The Tenge has remained stable despite protests, thanks to interventions by the central bank that will continue as necessary.

Despite restrained sentiment, the tenge remains stable, and no sanctions are expected

The fallout from Kazakhstan’s turmoil has been mild thus far on the business environment: domestic banking activity and stock markets were temporarily suspended, and bond prices rose in reaction, while oil output was briefly cut. Firms can expect consumer and business sentiment to remain restrained until the political situation stabilizes. More positively, however, the tenge has remained protected and stable, and the government is likely to raise social spending, increase utility subsidies, enact measures to slow price growth, and initiate some reforms to offset anger over a continued tight crackdown on protest activity.

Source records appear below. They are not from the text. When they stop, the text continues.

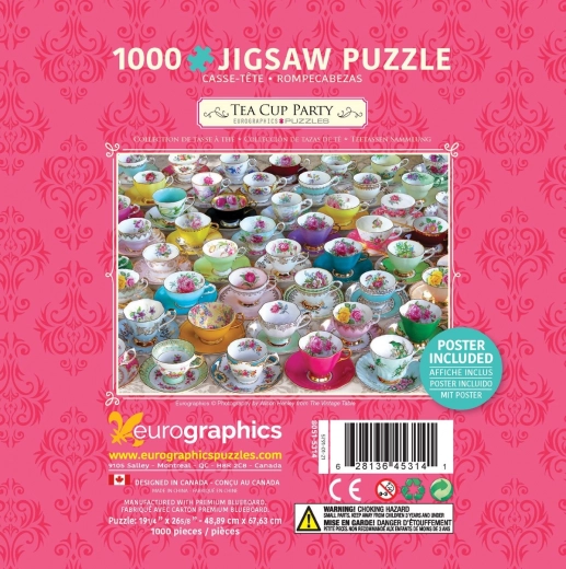 EUROGRAPHICS puslespil 1000 brikker i embosset metalæske. Specialformede brikker, separat forlæg og dekorativt motiv Samling af tekopper.
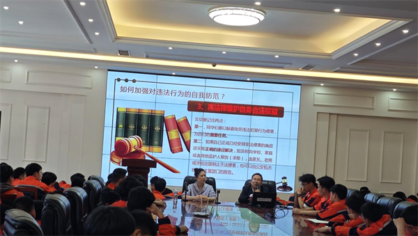 本次教育大会由汽修专业部主任沈燕和2026届年级组长苏会担任主讲。沈燕以分享名人故事的方式讲解了本次主题班会的意义,教育同学们敬畏法律、明礼守法、正确择友,并要求同学们认真学习法律知识,提高自身法治观念,对违法犯罪说“不”!
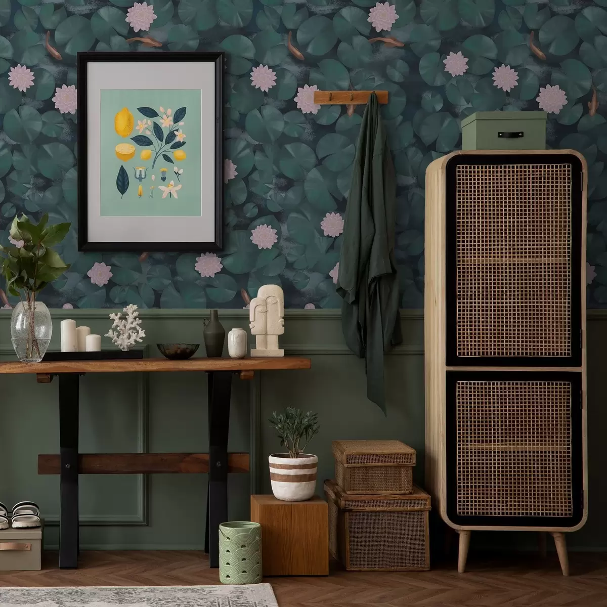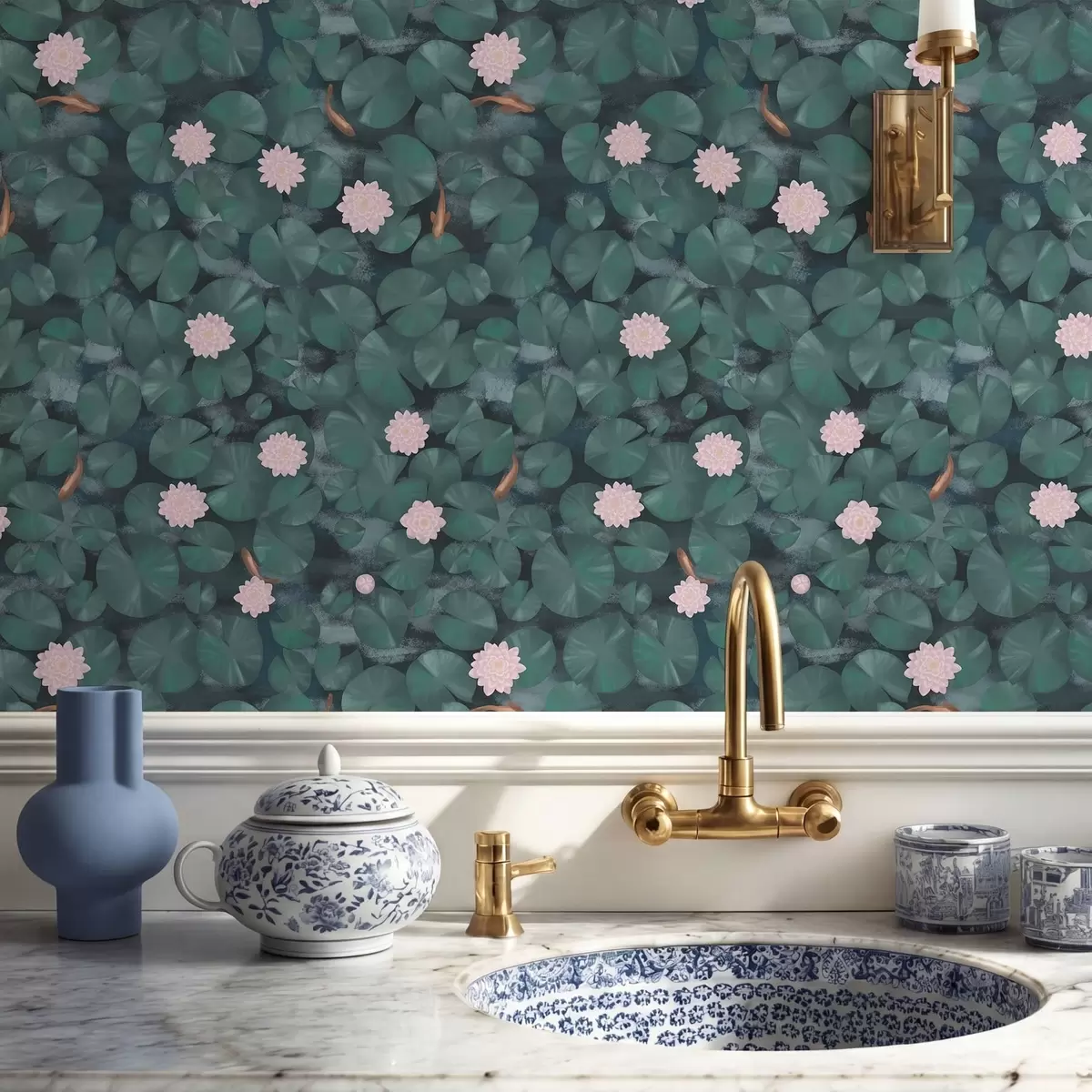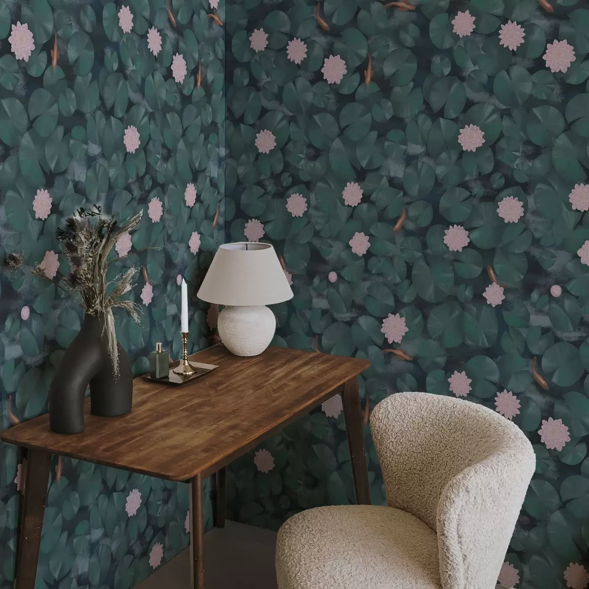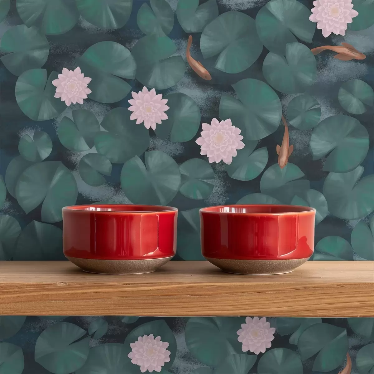 Tapeet Vesililled lilledega ja kaladega tumedal taustal Nr. a01177
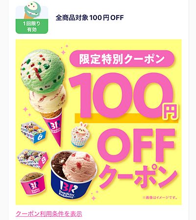 そんな今、サーティワン公式アプリ「31Club」ではなんと、好きなメニューどれでも100円オフになるクーポンが出ています。
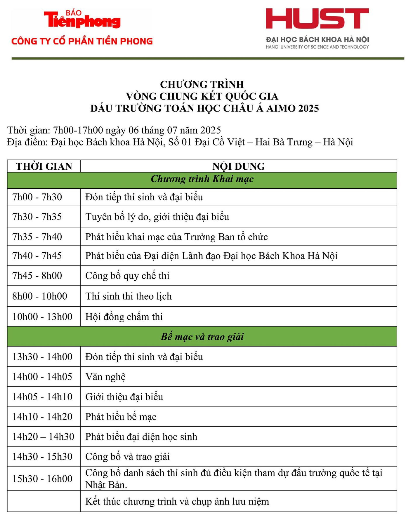 Ngoài ra, BTC sẽ công bố danh sách đội tuyển Việt Nam tham dự Chung kết quốc tế AIMO 2025 tại Tokyo, Nhật Bản. Đây là những gương mặt tiêu biểu nhất - đại diện cho trí tuệ, bản lĩnh và khát vọng vươn tầm quốc tế của học sinh Việt Nam.

In addition, no sanctions are expected.


On January 2, major protests erupted in the western city of Zhanaozen over a doubling of the price of liquified petroleum gas following a removal to the subsidy. Despite immediately putting LPG prices back below even the earlier levels, the protests snowballed into mass demonstrations against the government across the country, with crowds shouting, “Old Man Out,” in reference to ex-President Nursultan Nazarbayev, who still retained control of the country after leaving official office in 2019.

Violence erupted, leaving some 164 people reportedly dead and up to 10,000 arrested, with numerous government buildings set ablaze and the nation’s main airport in Almaty briefly seized by protesters.

President Kassym-Jomart Tokayev called in troops from the Russian-led Collective Security Treaty Organization (CSTO) to stabilize the situation. He also removed Nazarbayev from his role as head of the Security Council, as well as the prime minister, cabinet, and Nazarbayev loyalist and intelligence chief Karim Massimov (who was later arrested). The Nazarbayev family fled the country, with Nursultan Nazarbayev’s whereabouts currently unknown.

Our View

The situation remains very fluid, with elite infighting ongoing discreetly as Tokayev seeks to install loyalists into key state roles amid pushback from Nazarbayev’s clique. However, while the Nazarbayev clan has lost considerable political power, the remaining oligarchs associated with Nazarbayev retain control over the nation’s primary economic and financial assets as well as influence over factions of the military, portending a contentious future and threats to political stability in the upcoming months. To that end, Russia’s involvement—and apparent support for the future of the Tokayev regime—will continue to benefit the stability of the country, though at a cost. The Tokayev administration, assuming it survives the near term, will be plagued with having sacrificed the nation’s sovereignty and inviting in Russian and other regional troops, generating discontent from the population and elites alike. More positively, reforms promised by Tokayev will become necessary to implement as a matter of sustaining control over the country, potentially aiding the investment environment.